Artificial Intelligence Image diagnostics (AIID) (2018-2021)
The field of artificial intelligence (AI) has been revolutionized in recent years with the emergence of deep machine learning. The combination of increased computational power and availability of large amounts of annotated data has allowed for the development of algorithms that have surpassed human level performance in a variety of tasks.
AI deep learning algorithms can learn to find patterns in data and distinguish between examples belonging to different categories or classes. This ability has a vast application potential not least within the medical field where diseases are diagnosed based on the presence of specific biological markers. Often, these ‘biomarkers’ are present in images in the form of e.g. malformed anatomical structures or diseased tissue. Diagnosing diseases in images requires training and experience which is often only found in highly specialized medical professionals. Recently, AI and deep learning has demonstrated its potential for detecting and diagnosing a number of diseases such as brain and breast cancers in MRI and X-ray scans as well as a number of vision related illnesses in different ophthalmologic image modalities at near, or above human expert level performance.
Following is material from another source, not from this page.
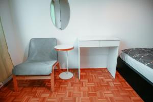 Die Wohnung verfügt über Parkettboden in den Wohnbereichen und Fliesenböden in ausgewählten Räumen sowie eine Heizung für zusätzlichen Komfort. Zur Ausstattung gehört ein Sitzbereich mit Flachbildfernseher sowie ein Arbeitstisch für Gäste mit Arbeitsbedarf.

Figure 1: Illustration of deep learning architecture for diagnosis of diabetic retinopathy. The algorithm learns the parameters of a function, which can map the retinal input image to a diagnosis through a network of feature extraction layers and a final classification layer.
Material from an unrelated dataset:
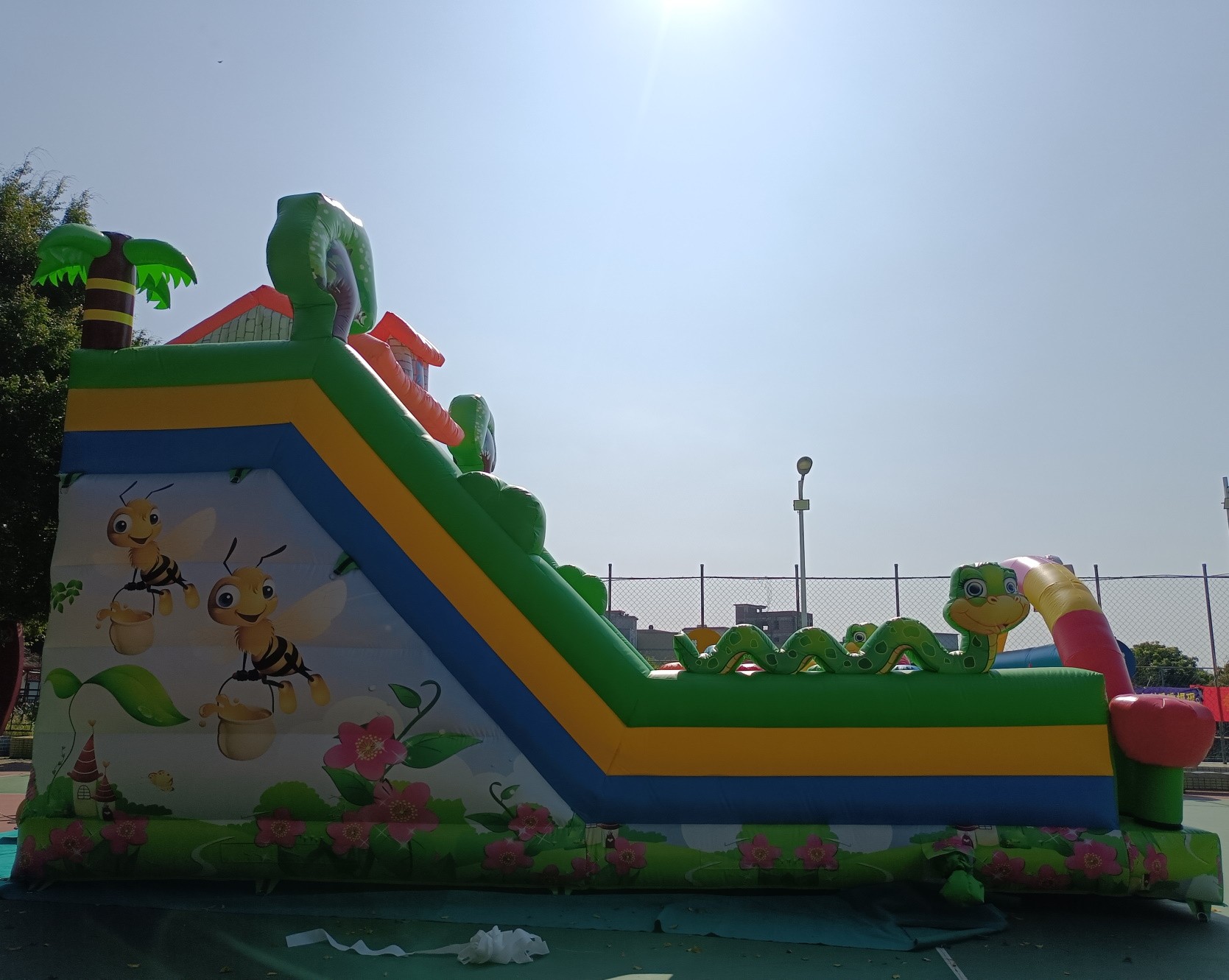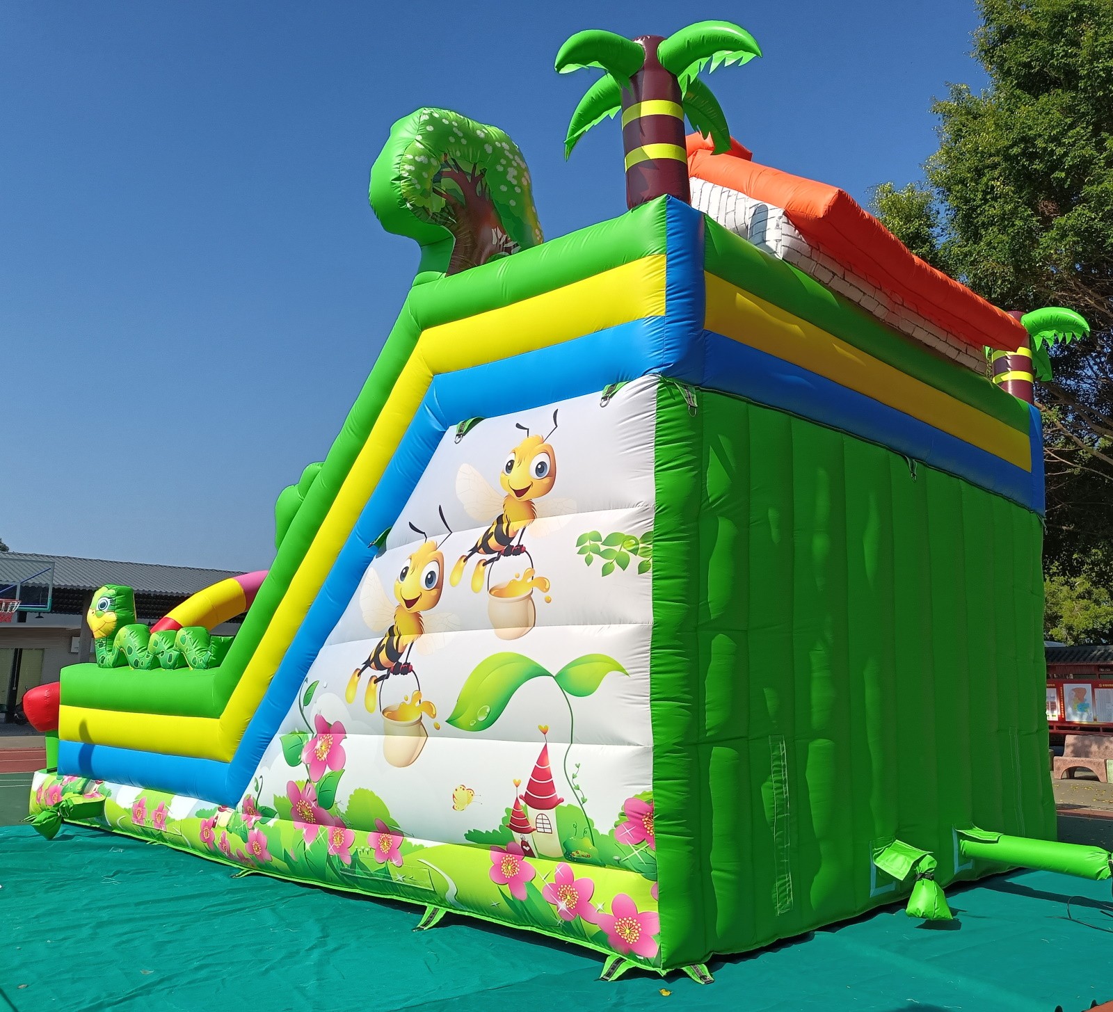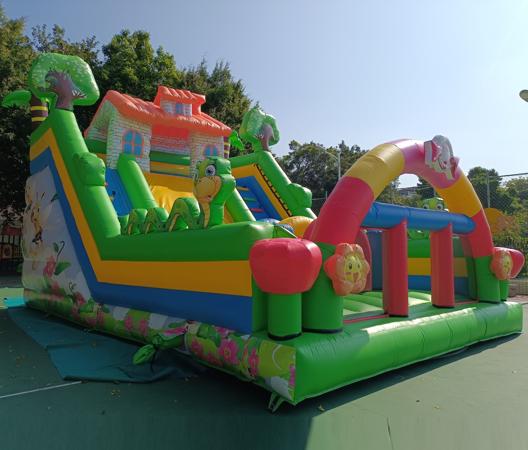El hinchable cuenta con una serigrafía de alta calidad con dibujos de la primavera, abejas, serpientes, árboles, flores impresos sobre el PVC.

The artificial intelligence image diagnostics (AIID) project is a three year PhD-study funded by the by Odense University Hospital SDCO PhD Fund where the overarching aim is to utilize deep learning in the screening procedure for a specific disease called diabetic retinopathy (DR). DR is a potentially vision threatening micro-vascular complication of diabetes and is currently the leading cause of blindness among working aged adults in the western world. In collaboration with experts from the department of ophthalmology at Odense University Hospital (OUH), a deep learning based AI system will be developed according to the standards of care at OUH and Steno Diabetes Center Odense (SDCO) and tested with regards to clinical implementation at SDCO. The project also has a number of secondary objectives relating to the use of deep machine learning for assessing the risk of developing diabetes related cardiovascular complications based on biomarkers found in ophthalmologic images as well as developing a general framework for using AI in medical image diagnostics at OUH.